# What you have to do:
Type out the listing below exactly. Pictures stay out of it.
#### Data block
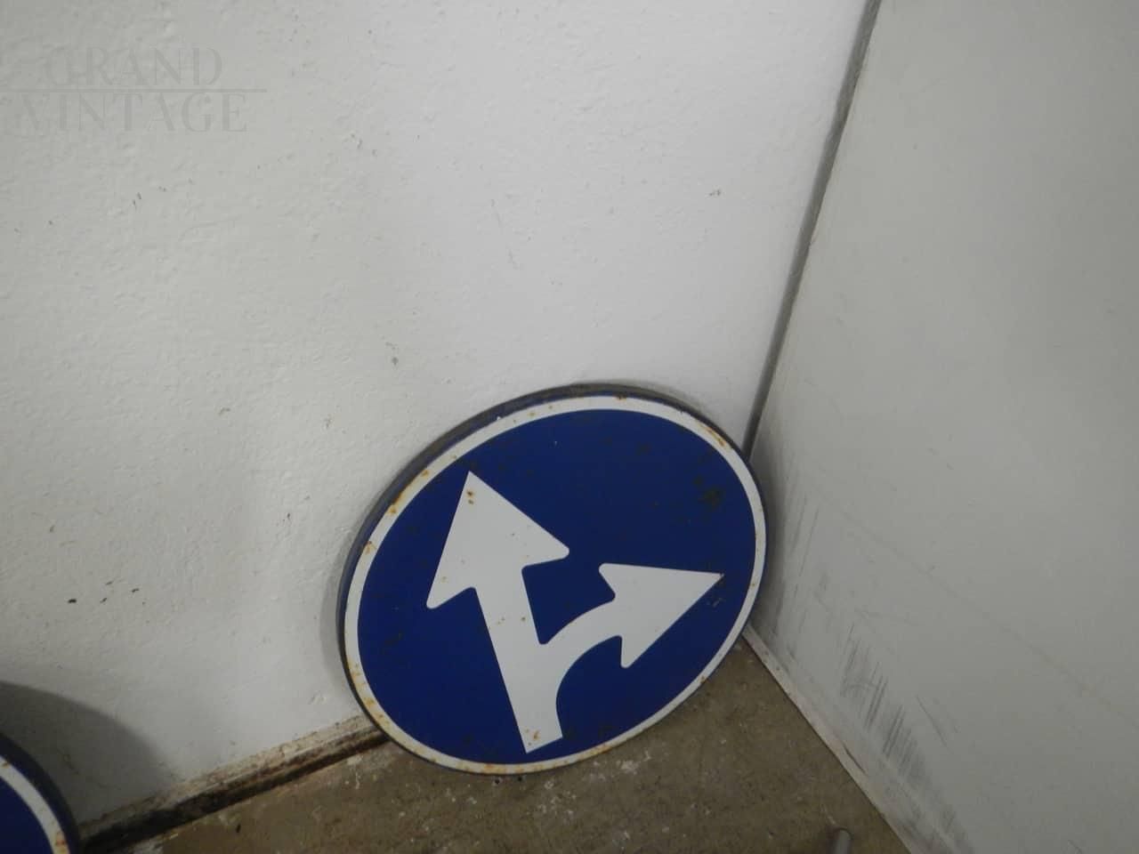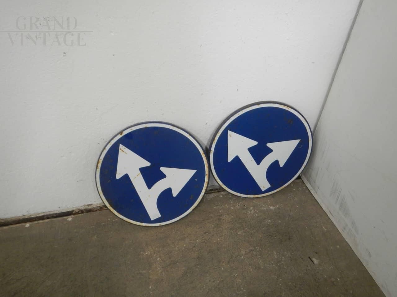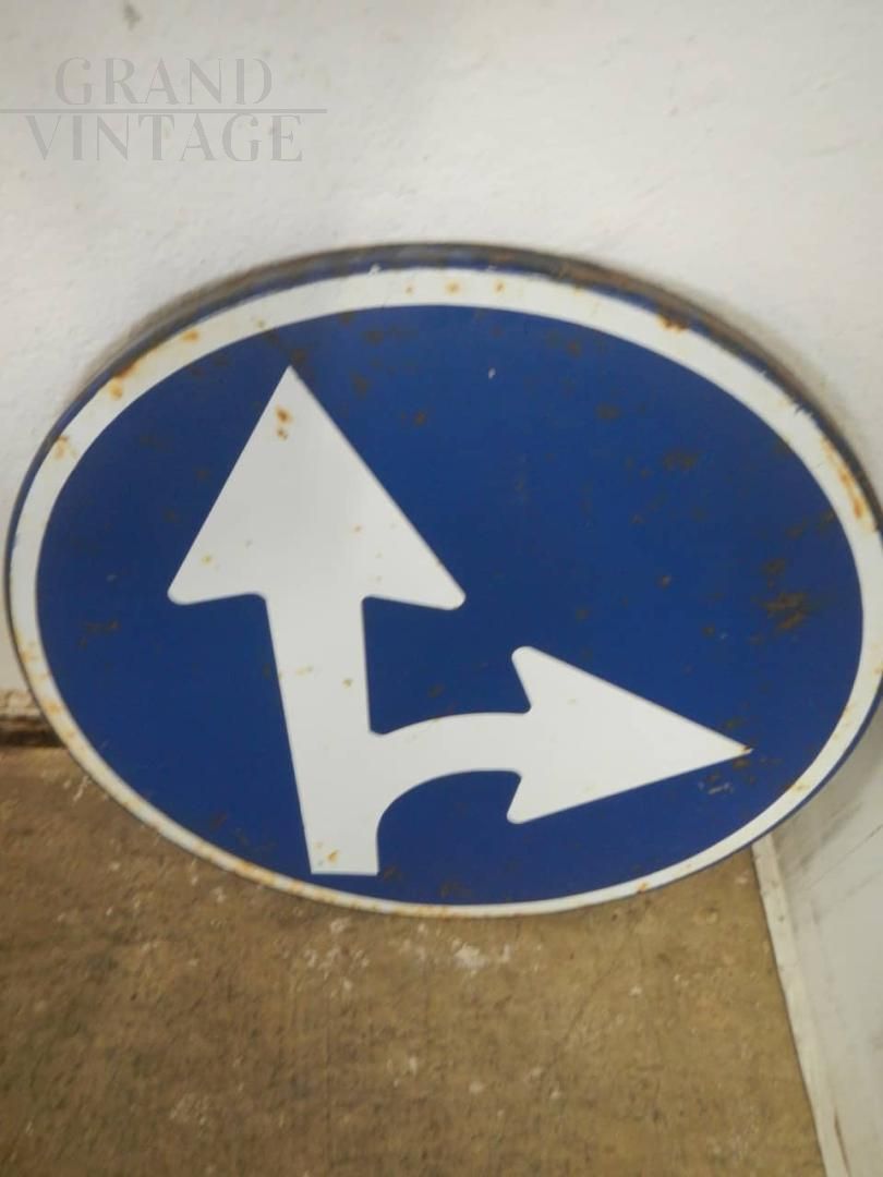 Insegna stradale italiana con frecce direzionali. Struttura buona con naturali segni d'uso consistenti. Disponibili 2 pezzi.
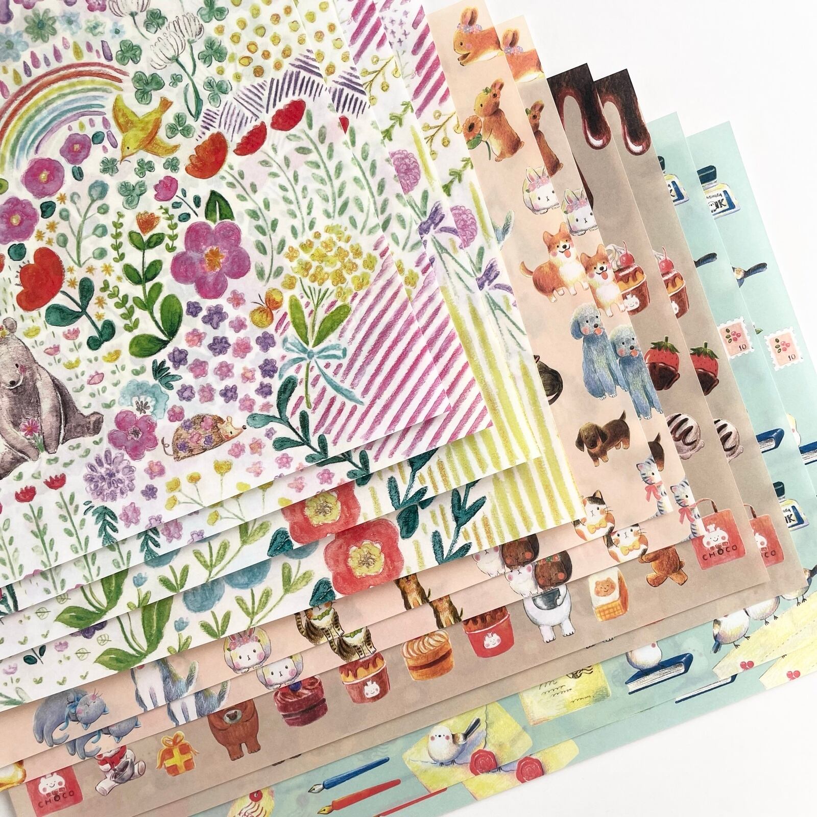 ※花畑のかくれんぼどうぶつ以外はA4サイズの包装紙となります。ハガキサイズ以上の大きな作品の場合
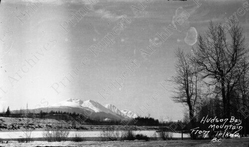 Scope & Content: Item consists of a view of the Hudson Bay Mountain Telkwa. The view also includes trees and a river. Handwritten annotation on recto reads: "Hudson Bay Mountain From Telkwa B.C."
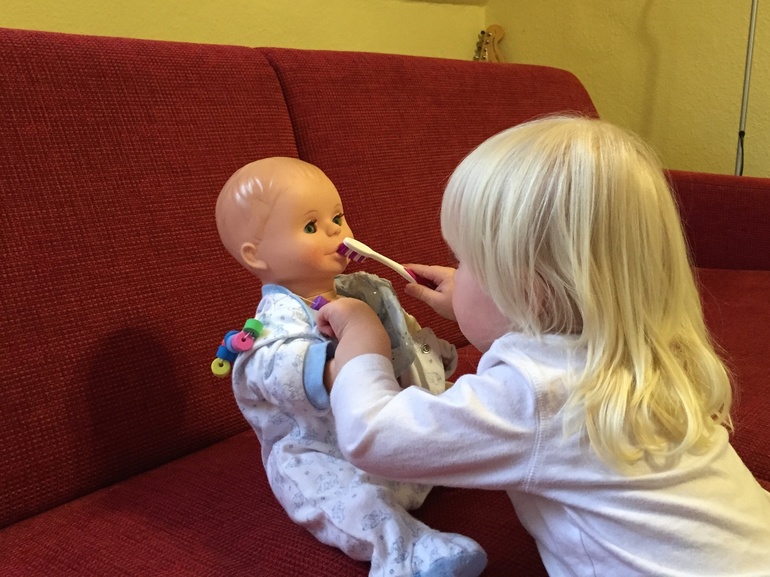 Потом уже стоматолог Настя чистила и лечила зубы всем куклам и мягким игрушкам, кто попадался ей на пути. Ассистент мама отправилась в это время ужин готовить (конечно, только из полезных для зубов продуктов), поэтому фото нет.
########
# Exercise response:
 Insegna stradale italiana con frecce direzionali. Struttura buona con naturali segni d'uso consistenti. Disponibili 2 pezzi.
 ※花畑のかくれんぼどうぶつ以外はA4サイズの包装紙となります。ハガキサイズ以上の大きな作品の場合
 Scope & Content: Item consists of a view of the Hudson Bay Mountain Telkwa. The view also includes trees and a river. Handwritten annotation on recto reads: "Hudson Bay Mountain From Telkwa B.C."
 Потом уже стоматолог Настя чистила и лечила зубы всем куклам и мягким игрушкам, кто попадался ей на пути. Ассистент мама отправилась в это время ужин готовить (конечно, только из полезных для зубов продуктов), поэтому фото нет.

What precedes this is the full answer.